The GDNF family of ligands (GFL) consists of four neurotrophic factors: glial cell line-derived neurotrophic factor (GDNF), neurturin (NRTN), artemin (ARTN), and persephin (PSPN). GFLs have been shown to play a role in a number of biological processes including cell survival, neurite outgrowth, cell differentiation and cell migration. In particular signalling by GDNF promotes the survival of dopaminergic neurons.
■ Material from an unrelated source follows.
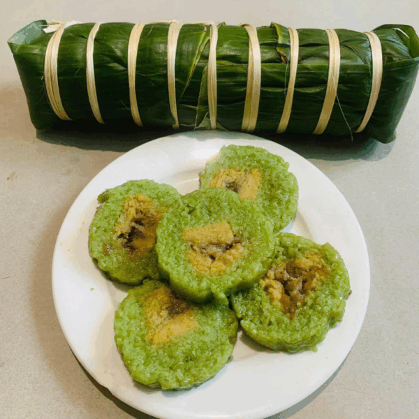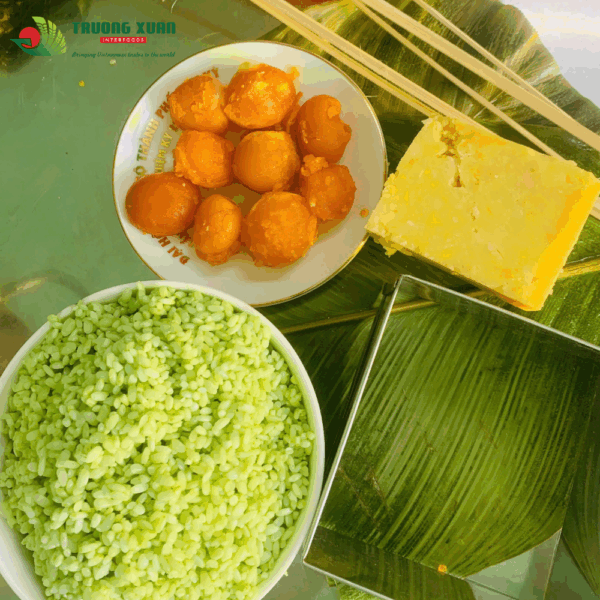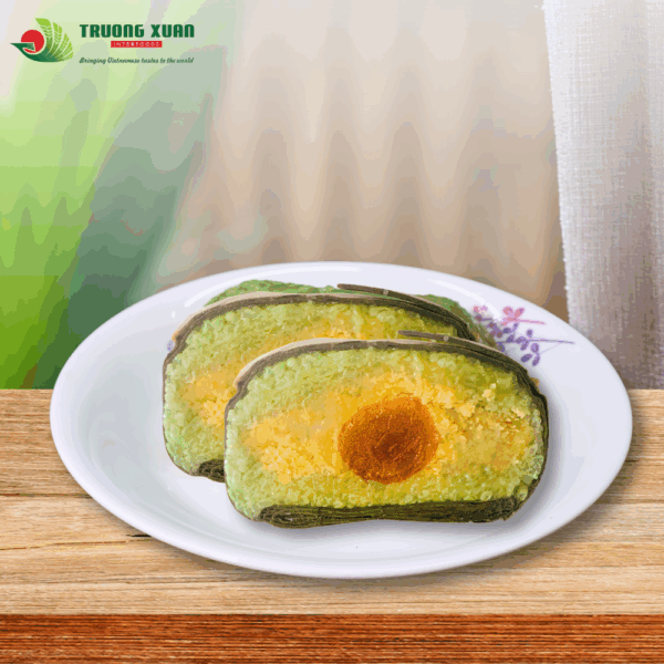 Bánh chưng trứng muối đậu xanh là biến tấu độc đáo của bánh chưng truyền thống, có hình vuông gói trong lá dong xanh, buộc lạt gọn đẹp. Khi cắt ra, lớp nếp dẻo thơm bao bọc nhân đậu xanh mịn bùi, điểm giữa là lòng đỏ trứng muối vàng óng, mặn béo hài hòa. Bánh tỏa hương nếp quyện lá dong đặc trưng, vị béo bùi xen chút mặn nhẹ, mang lại trải nghiệm vừa quen vừa mới, thích hợp cho mâm cỗ Tết, tiệc sum họp hoặc làm quà biếu sang trọng.

==Signalling complex formation==
At the cell surface of target cells, a signalling complex forms, composed of a particular GFL dimer, a receptor tyrosine kinase molecule RET, and a cell surface-bound co-receptor that is a member of the GFRα protein family. The primary ligands for the co-receptors GFRα1, GFRα2, GFRα3, and GFRα4 are GDNF, NRTN, ARTN, and PSPN, respectively.
Upon initial GFL-GFRα complex formation, the complex then brings together two molecules of RET, triggering trans-autophosphorylation of specific tyrosine residues within the tyrosine kinase domain of each RET molecule. Phosphorylation of these tyrosines then initiates intracellular signal transduction processes.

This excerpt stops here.